The effect of BAY u 3405, a thromboxane receptor antagonist, on prostaglandin D2-induced nasal blockage.

BACKGROUND

Nasal lavage and challenge studies in allergic rhinitis implicate prostaglandin (PG) D2 in the genesis of nasal blockage. PG D2 is known to act via at least two receptors, the thromboxane prostanoid receptor and the PG D2 prostanoid (DP) receptor; the lower airway effects are mediated chiefly by the TP receptor. The receptor involved in the genesis of PG D2-induced nasal blockage is unknown.

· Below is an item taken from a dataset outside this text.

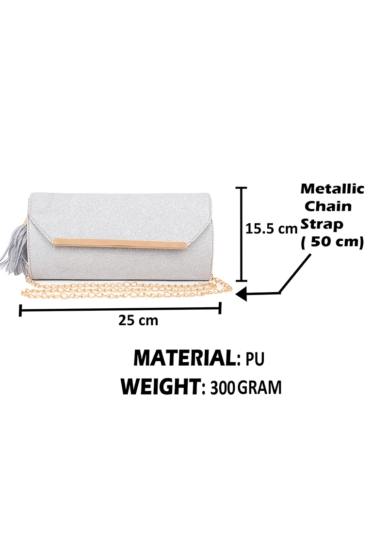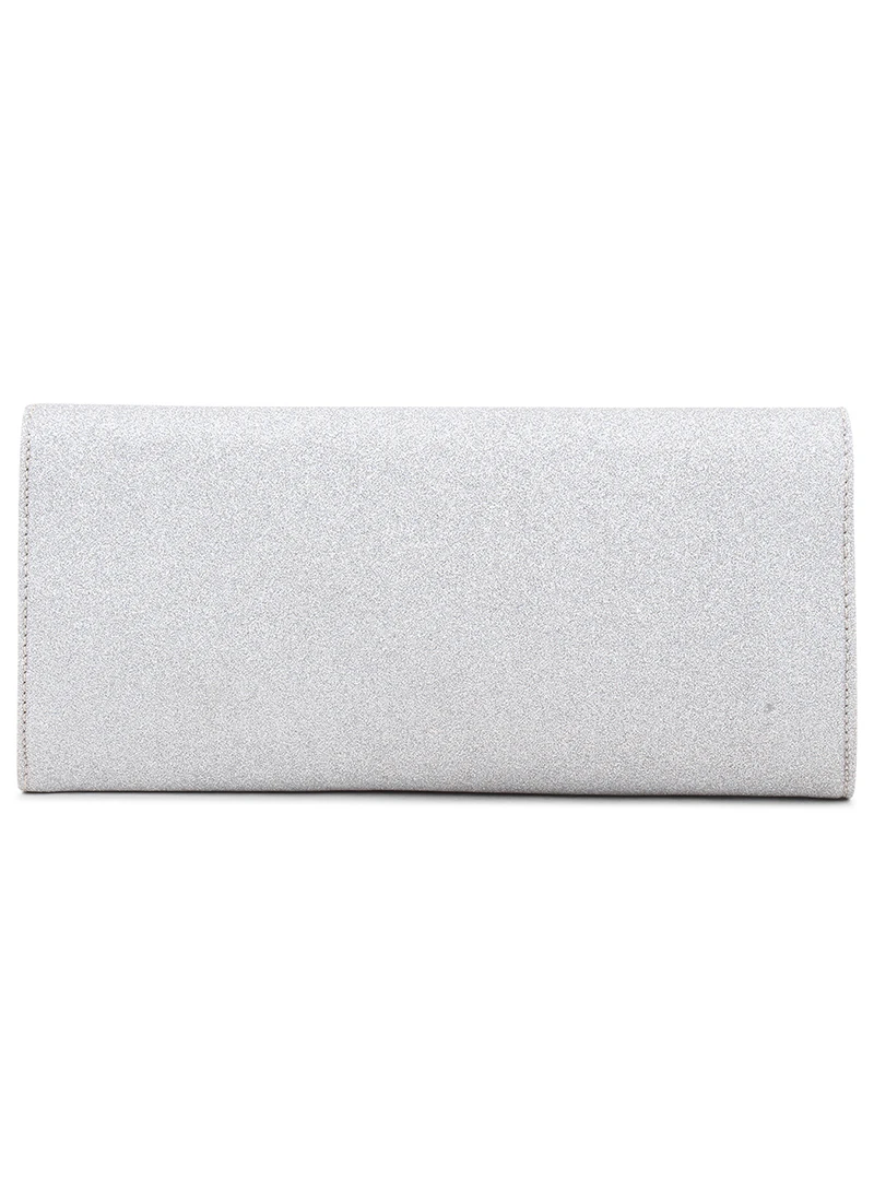 The designer silver polyster clutch with some designs and magnetic closure.
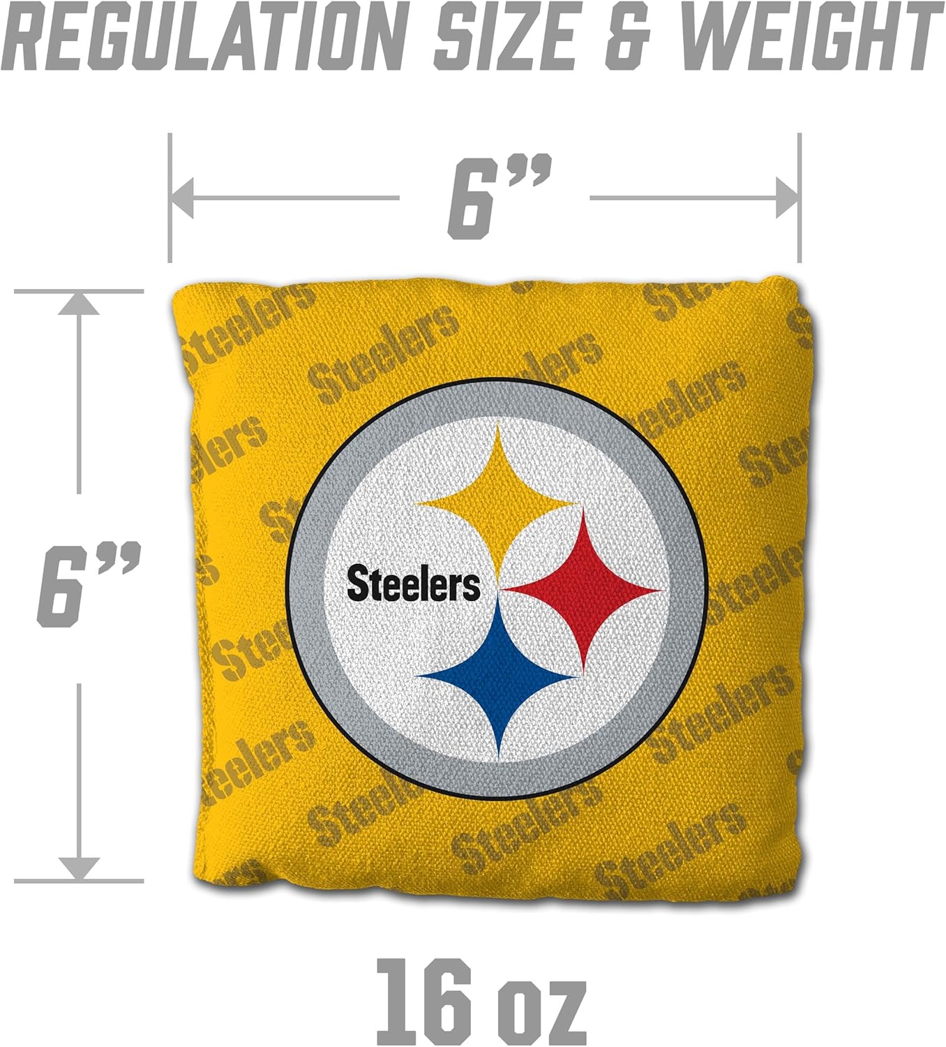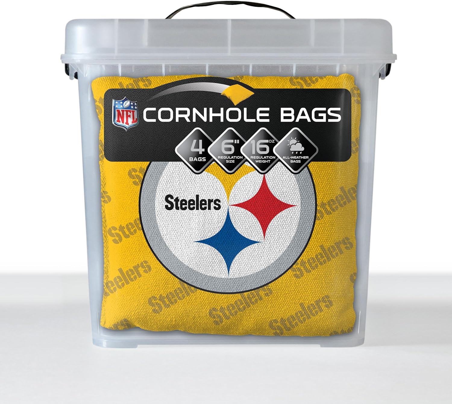 Durable, team-colored fabric bags filled with resin beads; Regulation size, 6” x 6”, 16 oz bags made of 80% polyester and 20% cotton

BAY u 3405 is a potent selective competitive TP receptor antagonist, which inhibits the lower airway response to PG D2, and shifts the dose-response curve to the right by up to 16-fold.

METHODS

The efficacy of a single oral dose of 20 mg of BAY u 3405 was examined in comparison with PG D2 nasal insufflation in a randomized, double-blind, placebo-controlled crossover study, with objective measurement of nasal resistance by active posterior rhinomanometry.

RESULTS

BAY u 3405 afforded no protection against PG D2-induced nasal blockage.

CONCLUSIONS

This suggests that PG D2-induced nasal blockage may be mediated by the DP receptor rather than the TP receptor and that TP receptor antagonists are unlikely to be of benefit in the treatment of allergic rhinitis. In vivo investigation with specific potent DP receptor antagonists is awaited.